BIRDS AND AQUATIC HABITATS
Penguins, gulls, ducks, grebes, gallinules, herons, flamingos and pelicans show how birds have developed to exploit particular environments where food is plentiful, for example aquatic habitats. Specialised body shapes and limbs, in particular webbed or lobed feet, enable penguins, ducks, gulls and grebes to swim and dive as well as fly and walk. Long toes, legs and a light body let gallinules walk over the water on lily pads. Varied beaks enable these birds to obtain different types of food - small vertebrates (fish, frogs), aquatic and land invertebrates, algae and plants.
1. King Penguins, Aptenodytes patagonicus, (O. Sphenisciformes) are deep divers, feeding on squid. They rear a single chick which they fed large infrequent meals. While the adults are away hunting, the chicks live in 'creches'; amazingly, the parents can identify their own chicks. As the seasons are too short for the chicks to grow up in a year, they are fattened up in the autumn to keep them going through the winter until they fledge the following spring.
2. The hooded crow, Corvus corone cornix, (O. Passeriformes) is not really an 'aquatic' bird but will scavenge for food along the shore line. A non-specialised passerine, it flies and walks with ease as well as perching in trees. Crows are known as the cleverest of all birds.

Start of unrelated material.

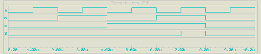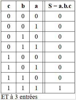 La sortie S est au niveau haut, si a = 1 ET b = 1 ET c = 1 , sinon S est au niveau bas
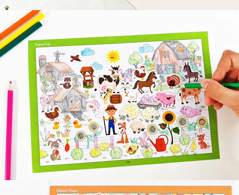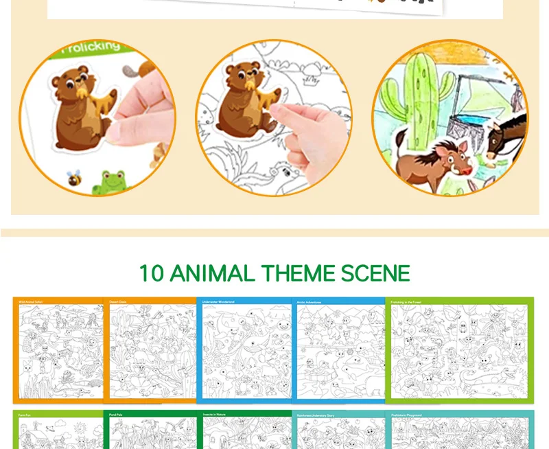 • 10 escenas diferentes: desierto, océano, zoológico, granja, estanque y más

3. The Little Gull, Larus minutus, (Order Charadriiformes) hunts for prey and carrion along the shore or inland. It plucks insects from the water or land with its slender forceps-like bills.

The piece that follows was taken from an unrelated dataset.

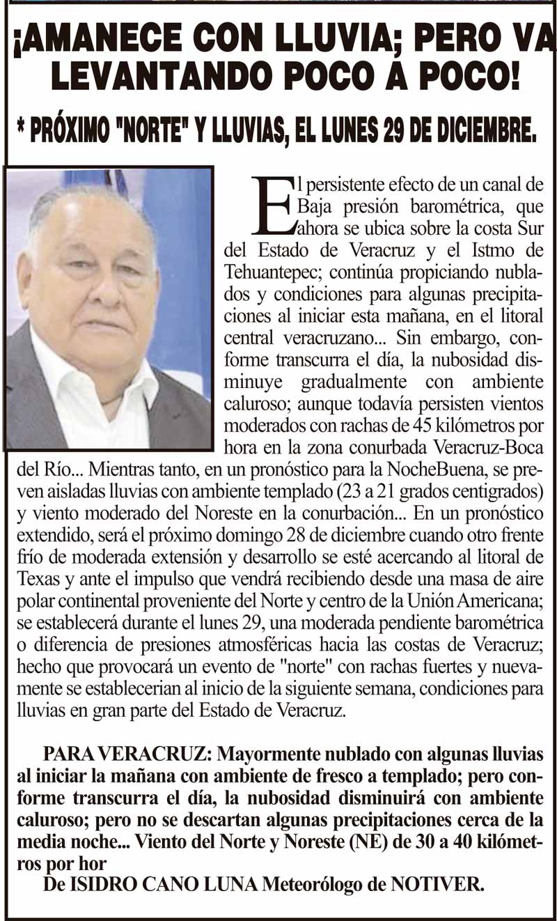 PRIMERA ¡AMANECE CON LLUVIA; PERO VA LEVANTANDO POCO A POCO! - *PRÓXIMO "NORTE" Y LLUVIAS, EL LUNES 29 DE DICIEMBRE. 23 diciembre 2025 Más Noticias ¡‘CAZAN’ AL SERVAL DE LA RIVIERA! ¡QUE LO PROTEJAN! - *PAN pide medidas para alcalde de Banderilla ¡SE CAEN LAS REMESAS! - PURAS PÉRDIDAS ¡EMERGENCIA EN PEMEX! - SE PRENDE DUCTO EN PAJARITOS ¡MULTARÁN A CONSTRUCTORAS! - TENÍA QUE SER ¡SOLUCIONAN PROBLEMÁTICA VECINAL! - *Con visitas sorpresas dice Maryjose LOS CARTONES ¡APOYARÁN CON TODO A VALERIA! ¡DENUNCIA INTENTO DE ‘LEVANTÓN’ EN ESTACIONAMIENTO DE BOCA DEL RÍO! LA ENCUESTA | - SUBIERON!

4. The Purple Gallinule, Porphyrula martinica, (O. Gruiformes) uses its short bill to forage for small invertebrates in the marshes in which it lives.
5. The Goldeneye Duck, Bucephala clangula, (O. Anseriformes) has a broad and flattened bill. The sides of the mandibles have comb-like lamellae for straining food particles (vegetation, invertebrates) from the water. The tongue is thick with spiny teeth to grasp food items.
6. Little Grebes, Tachybaptus ruficollis, (O. Podicipediformes) live on small ponds and are adapted to hunting fish and invertebrates underwater. Flexible ankle and toe joints let the feet pivot in all directions as rudders and paddles. Very dense plumage keeps them dry.